Aelbert Cuyp, Portrait of Cornelis van Someren, 1649
Aelbert Cuyp is famous for his landscapes but he also painted a small number of portraits, of which this is a rare example. For some time, it was believed that the sitter might be Cuyp’s father, Jacob, a portraitist who taught his son to paint. However, it is now believed to depict Cornelis van Someren (1593–1649), a prominent Dordrecht doctor who was 56 years old in 1649, the age and date inscribed on the picture. This suggestion seems to be confirmed by a matching pendant portrait of a woman whose age is given on the picture as 49 years old, the same as that of van Someren’s wife.

Gonzales Coques, Touch, before 1661
This is one of five paintings intended to hang together, each of which denotes one of the five senses – a common theme for painting in the Low Countries in the 17th century. In each of these paintings Gonzales Coques has used a traditional activity to represent the relevant sense.

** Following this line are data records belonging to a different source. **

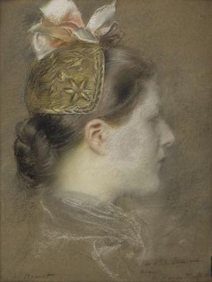 Portrait de Marie-Louise de Bogy, sanguine, craie blanche et fus...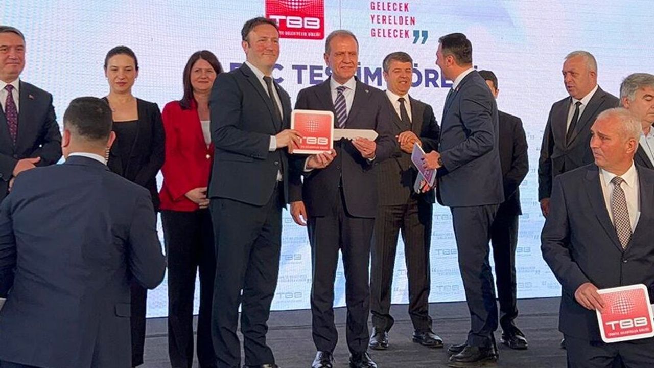 TBB’nin Nisan ayı encümen toplantısının ardından gerçekleştirilen törende, Türkiye genelinde 94 belediyeye toplam 95 adet hizmet aracı dağıtıldı. Tepebaşı Belediyesi’ni temsilen törene Başkan Yardımcısı Suat Yalnızoğlu katıldı. Hibe edilen iş makinasının temsili anahtarı, TBB Başkan Vekili ve Mersin Büyükşehir Belediye Başkanı Vahap Seçer tarafından Yalnızoğlu’na teslim edildi.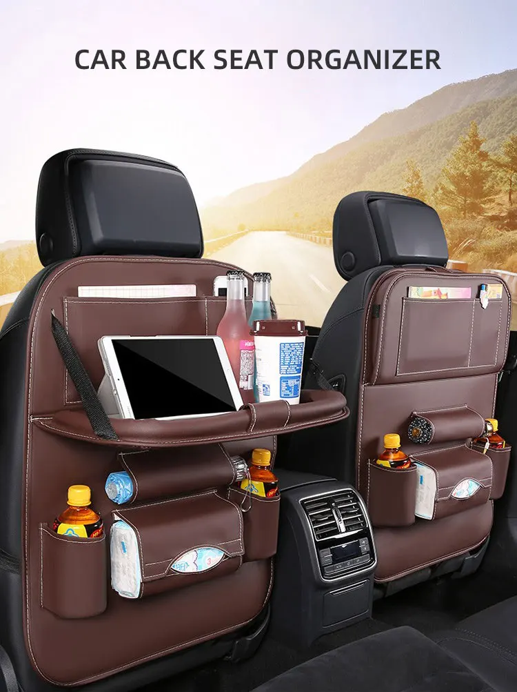 Leather Car Back Seat Organizer Foldable Table Back Seat Car Organizer PVC Car Seat Back Organizer Partition Storage Easy to Clean Very well made.

Here, Touch is depicted as a man with his sleeve rolled back letting blood from his arm, a procedure which was believed to help cure or prevent some medical conditions. Blood was probably associated with the sense of touch because, like feeling, it permeates the whole body. By contrast, the receptors for the other four senses are located only on the head.

This may also be a real portrait. We don’t know who it is, but as three of the other paintings in the series are artists; he may be one too. It was probably designed as the central image of the five, since the sitter faces forwards; among the others two turn to the left, two to the right.

Thomas Gainsborough, Dr Ralph Schomberg, about 1770
In 1759 Gainsborough moved to the fashionable spa town of Bath, where he established a very successful portrait-painting practice and remained for 15 years. He painted this portrait of Dr Ralph Schomberg, aged about 56, in Bath around 1770.

Gainsborough consulted various doctors during his years in Bath, both for his own medical problems and about the recurring mental instability of his elder daughter, Mary. This portrait may have been painted in place of medical fees.